<<<<
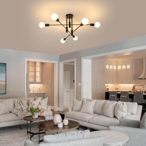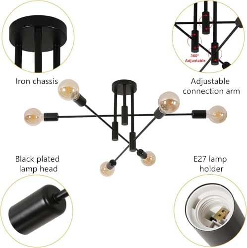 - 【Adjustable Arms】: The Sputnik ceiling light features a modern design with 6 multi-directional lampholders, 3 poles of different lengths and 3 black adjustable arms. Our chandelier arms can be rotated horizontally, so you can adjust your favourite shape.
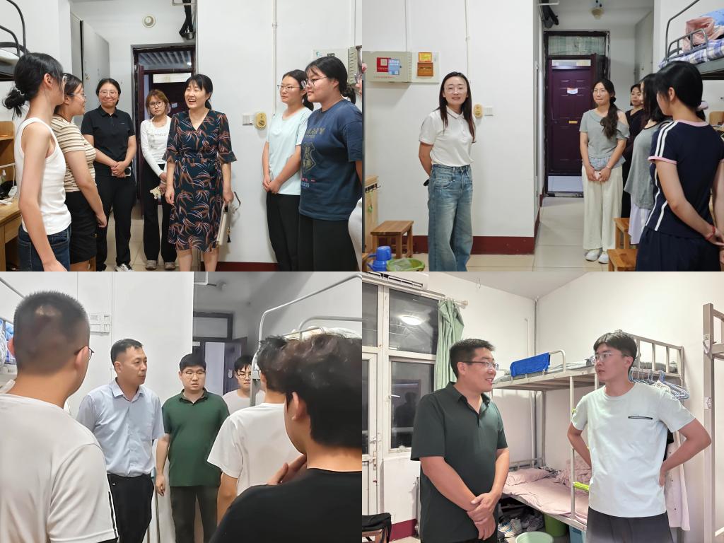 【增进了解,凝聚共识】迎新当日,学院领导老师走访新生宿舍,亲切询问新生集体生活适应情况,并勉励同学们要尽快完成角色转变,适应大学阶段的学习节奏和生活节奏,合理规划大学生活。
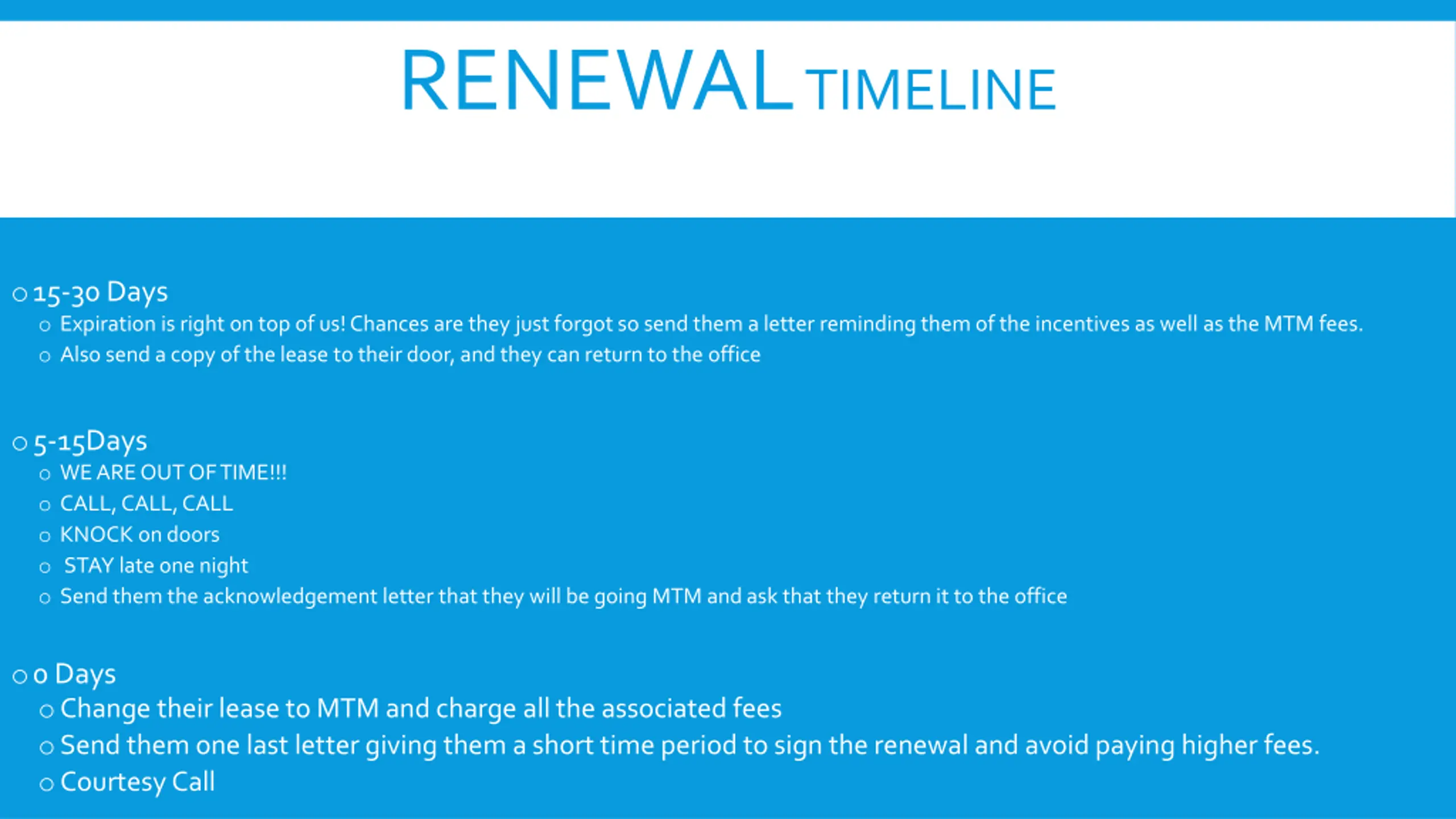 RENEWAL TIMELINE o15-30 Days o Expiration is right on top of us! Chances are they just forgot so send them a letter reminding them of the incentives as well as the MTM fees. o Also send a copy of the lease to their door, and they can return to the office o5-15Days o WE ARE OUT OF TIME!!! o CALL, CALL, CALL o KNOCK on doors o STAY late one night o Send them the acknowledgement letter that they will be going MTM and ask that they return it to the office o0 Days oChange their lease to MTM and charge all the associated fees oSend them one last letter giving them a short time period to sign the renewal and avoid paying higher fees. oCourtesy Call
>>>>
<<<<
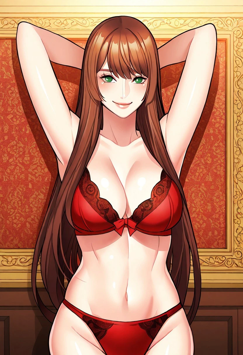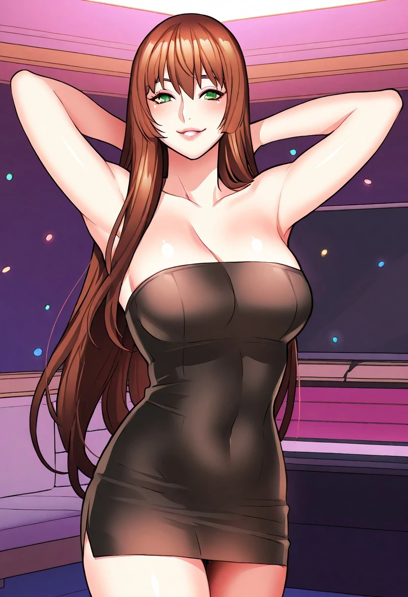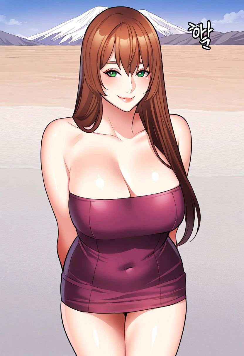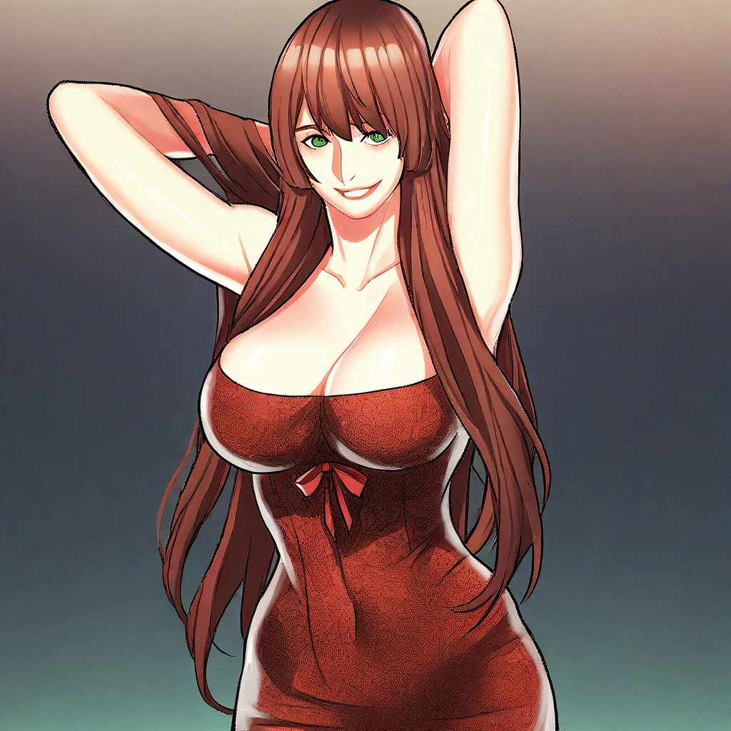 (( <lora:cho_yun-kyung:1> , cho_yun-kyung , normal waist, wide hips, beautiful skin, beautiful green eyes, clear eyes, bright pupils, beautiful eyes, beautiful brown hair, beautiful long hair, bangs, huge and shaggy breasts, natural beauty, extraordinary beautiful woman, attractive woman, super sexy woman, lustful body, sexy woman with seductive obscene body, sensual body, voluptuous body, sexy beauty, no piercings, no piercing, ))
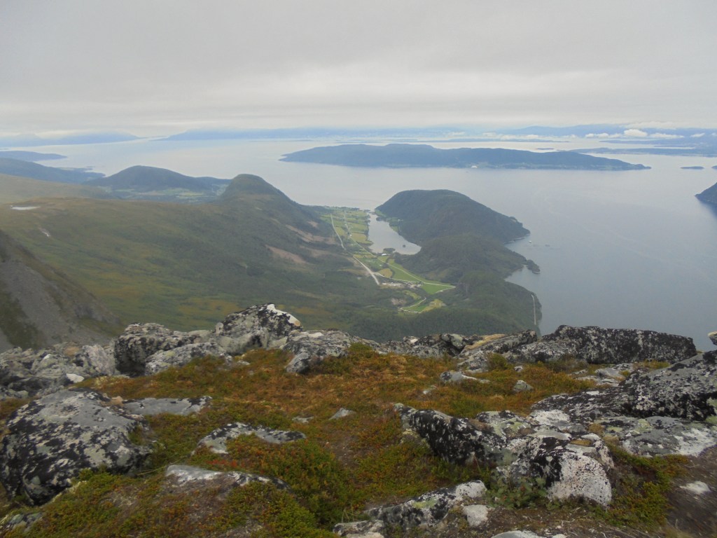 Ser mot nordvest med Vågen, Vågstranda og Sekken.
>>>>
<<<<
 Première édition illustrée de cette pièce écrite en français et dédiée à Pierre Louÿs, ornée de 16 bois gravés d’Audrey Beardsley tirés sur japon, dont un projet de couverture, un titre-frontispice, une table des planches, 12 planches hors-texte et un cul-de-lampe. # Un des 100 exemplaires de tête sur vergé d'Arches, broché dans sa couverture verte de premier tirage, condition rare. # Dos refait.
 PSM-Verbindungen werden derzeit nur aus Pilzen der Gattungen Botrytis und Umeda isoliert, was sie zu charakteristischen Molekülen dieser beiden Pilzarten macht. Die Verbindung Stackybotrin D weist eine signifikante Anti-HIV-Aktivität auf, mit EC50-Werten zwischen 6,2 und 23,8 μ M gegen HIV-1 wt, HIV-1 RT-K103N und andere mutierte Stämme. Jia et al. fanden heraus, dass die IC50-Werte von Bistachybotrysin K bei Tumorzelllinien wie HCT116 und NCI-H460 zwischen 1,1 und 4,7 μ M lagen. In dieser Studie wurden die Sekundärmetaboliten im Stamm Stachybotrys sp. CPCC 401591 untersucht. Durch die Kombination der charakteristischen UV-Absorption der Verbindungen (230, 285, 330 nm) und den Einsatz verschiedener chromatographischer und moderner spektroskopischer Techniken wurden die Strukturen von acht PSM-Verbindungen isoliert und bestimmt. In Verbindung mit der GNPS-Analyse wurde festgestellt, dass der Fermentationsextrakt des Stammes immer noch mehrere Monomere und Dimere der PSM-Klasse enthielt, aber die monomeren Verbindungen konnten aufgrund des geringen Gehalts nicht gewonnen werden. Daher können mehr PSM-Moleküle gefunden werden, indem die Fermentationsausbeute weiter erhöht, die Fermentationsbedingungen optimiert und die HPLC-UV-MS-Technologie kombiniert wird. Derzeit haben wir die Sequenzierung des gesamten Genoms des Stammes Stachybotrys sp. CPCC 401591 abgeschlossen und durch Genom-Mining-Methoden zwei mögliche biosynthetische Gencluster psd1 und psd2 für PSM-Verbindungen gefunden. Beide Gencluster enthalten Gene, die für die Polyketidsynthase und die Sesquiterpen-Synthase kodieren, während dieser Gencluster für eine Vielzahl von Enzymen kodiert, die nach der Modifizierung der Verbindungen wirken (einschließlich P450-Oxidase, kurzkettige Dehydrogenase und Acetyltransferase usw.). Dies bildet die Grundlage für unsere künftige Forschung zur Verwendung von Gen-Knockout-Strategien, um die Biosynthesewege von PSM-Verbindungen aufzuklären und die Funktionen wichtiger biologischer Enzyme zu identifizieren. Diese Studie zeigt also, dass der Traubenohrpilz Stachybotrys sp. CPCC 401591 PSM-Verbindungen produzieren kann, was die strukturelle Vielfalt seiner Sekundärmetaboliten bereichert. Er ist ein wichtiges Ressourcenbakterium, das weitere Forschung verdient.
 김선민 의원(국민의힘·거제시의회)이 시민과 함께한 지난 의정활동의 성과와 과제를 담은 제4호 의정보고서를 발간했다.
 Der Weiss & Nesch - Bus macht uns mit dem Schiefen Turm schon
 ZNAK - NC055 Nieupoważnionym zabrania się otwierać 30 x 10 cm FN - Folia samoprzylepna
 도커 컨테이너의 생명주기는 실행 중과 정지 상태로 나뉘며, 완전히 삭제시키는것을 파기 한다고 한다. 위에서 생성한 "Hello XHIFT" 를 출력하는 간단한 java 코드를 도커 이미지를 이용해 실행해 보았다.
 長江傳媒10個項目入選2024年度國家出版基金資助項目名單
>>>>
▶ WHAT THE EXERCISE ASKS:
Among the entries above, locate the lines containing "도커 컨테이너의 생명주기는" and "長江傳媒10個項目入選2024年度國家出版基金資助項目名單", and transcribe exactly those two lines and all lines between.

▶ THE ANSWER:
 도커 컨테이너의 생명주기는 실행 중과 정지 상태로 나뉘며, 완전히 삭제시키는것을 파기 한다고 한다. 위에서 생성한 "Hello XHIFT" 를 출력하는 간단한 java 코드를 도커 이미지를 이용해 실행해 보았다.
 長江傳媒10個項目入選2024年度國家出版基金資助項目名單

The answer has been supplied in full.